To prevent alert fatigue, Frontier implements severity-based routing for errors: only CRITICAL and HIGH severity errors are forwarded to Sentry for alerting, while LOW and MEDIUM severity errors are recorded in Axiom logs only. Sentry issues are fingerprinted using stable identifiers (error name, worker name, error slug) rather than call_id to group similar errors effectively. However, call_id, org_id, request_id, and correlation_id are attached as searchable tags and enable deep-linking directly to corresponding Axiom logs.

Error reporting within Durable Objects is designed to be non-blocking. The reportError function uses a fire-and-forget Sentry.flush(2000) mechanism to ensure that error events are dispatched even if Durable Object WebSocket connections are abruptly closed.

Product and LLM Telemetry

Product analytics for the Dashboard application (@frontierx/dash) is managed using PostHog. This PostHog instance is self-hosted and proxied at p.frontierxai.com. Frontier adopts a conservative approach to analytics: it is opt-out by default, consent-gated, disables session recording, and captures pageviews manually. User profiles (person_profiles) are limited to identified_only. Server-side LLM telemetry is not captured via PostHog.

LLM usage and cost accounting are crucial for Frontier. A Cloudflare AI Gateway named frontier-ai is integrated into the Call Server. All calls to OpenAI and Cloudflare Workers AI are routed through this gateway. The frontier-ai gateway is instrumental in logging prompt, response, latency, and COST for each request, along with cf-aig-metadata for correlation.

Currently, several LLM providers, including Together, OpenRouter, Perplexity, and Google Gemini, bypass the frontier-ai gateway. Routing all LLM providers through this gateway for unified cost accounting is a planned roadmap item (T2).

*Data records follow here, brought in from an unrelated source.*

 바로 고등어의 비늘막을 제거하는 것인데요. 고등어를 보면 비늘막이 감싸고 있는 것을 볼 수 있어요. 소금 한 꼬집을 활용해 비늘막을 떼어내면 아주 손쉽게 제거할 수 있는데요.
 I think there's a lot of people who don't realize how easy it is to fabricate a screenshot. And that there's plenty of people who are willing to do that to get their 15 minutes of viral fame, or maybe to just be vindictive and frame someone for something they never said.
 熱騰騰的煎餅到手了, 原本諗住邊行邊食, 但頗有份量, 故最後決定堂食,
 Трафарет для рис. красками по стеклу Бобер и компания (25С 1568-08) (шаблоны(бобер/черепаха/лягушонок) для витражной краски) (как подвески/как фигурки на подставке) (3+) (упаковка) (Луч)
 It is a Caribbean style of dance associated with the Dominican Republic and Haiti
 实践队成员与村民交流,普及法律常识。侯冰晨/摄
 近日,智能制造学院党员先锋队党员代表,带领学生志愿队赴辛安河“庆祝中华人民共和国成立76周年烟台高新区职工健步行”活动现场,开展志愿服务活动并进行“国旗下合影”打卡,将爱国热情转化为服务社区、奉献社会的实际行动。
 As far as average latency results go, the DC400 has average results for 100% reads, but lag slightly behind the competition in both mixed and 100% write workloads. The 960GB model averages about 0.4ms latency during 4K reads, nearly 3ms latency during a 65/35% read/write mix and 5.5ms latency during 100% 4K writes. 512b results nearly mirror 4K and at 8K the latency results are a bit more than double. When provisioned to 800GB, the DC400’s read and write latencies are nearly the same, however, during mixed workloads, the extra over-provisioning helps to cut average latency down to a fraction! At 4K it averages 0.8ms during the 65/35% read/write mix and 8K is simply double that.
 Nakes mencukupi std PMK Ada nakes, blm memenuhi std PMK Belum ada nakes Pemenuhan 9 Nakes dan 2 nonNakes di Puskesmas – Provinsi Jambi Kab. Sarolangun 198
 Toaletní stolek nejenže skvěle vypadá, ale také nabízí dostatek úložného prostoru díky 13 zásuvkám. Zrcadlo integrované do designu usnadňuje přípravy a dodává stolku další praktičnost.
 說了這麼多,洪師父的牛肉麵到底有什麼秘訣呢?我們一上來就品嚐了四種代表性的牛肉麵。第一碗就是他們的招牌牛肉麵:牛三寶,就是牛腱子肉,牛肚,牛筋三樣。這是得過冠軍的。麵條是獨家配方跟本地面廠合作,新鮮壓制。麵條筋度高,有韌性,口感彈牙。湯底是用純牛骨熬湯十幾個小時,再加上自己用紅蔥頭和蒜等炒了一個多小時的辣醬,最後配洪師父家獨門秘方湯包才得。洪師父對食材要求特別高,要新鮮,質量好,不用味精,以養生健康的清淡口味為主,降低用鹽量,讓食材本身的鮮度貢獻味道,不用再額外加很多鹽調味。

In the Call Server’s current implementation, OpenRouter is utilized only as an embedding fallback provider (baai/bge-large-en-v1.5), used when Cloudflare Workers AI times out or fails. It is not currently the primary LLM gateway or router for general LLM calls. The fallback includes retry logic for specific HTTP error codes (503, 429, 529).

For automated code review, Qodo, Frontier’s PR code-review bot, runs on Amazon Bedrock. The specific Bedrock model ID is configured via the QODO_BEDROCK_MODEL environment variable.

Alerting and Service Level Objectives (SLOs)

Environment variables for NTFY alerts (e.g., NTFY_TOKEN, NTFY_DEV_ALERTS_TOPIC) are provisioned. However, there is no in-application NTFY sender code currently wired into the codebase for programmatic alerting.

Defined (target, not measured) SLOs, as documented in specifications, include:

Transcript delivery p99 under 5 seconds (over 30 days).
Question-detection availability of 99.5% (over 7 days).
Quick-answer availability of 99% (over 7 days).
Sentry high/critical error budget below 50 per day (production).
Log delivery 99.9% within 2 minutes.
WebSocket uptime of 99.9% (over 7 days).

Critical alert conditions, as defined in the target specification, would route to paging and warnings to a Slack channel (#dev-alerts). Examples include: a logging worker experiencing more than 5 ingest failures per 5 minutes, Sentry reporting more than 10 critical severity errors per 5 minutes, WebSocket connection failures exceeding 20% per 5 minutes, or a sub-worker showing zero logs for over 10 minutes.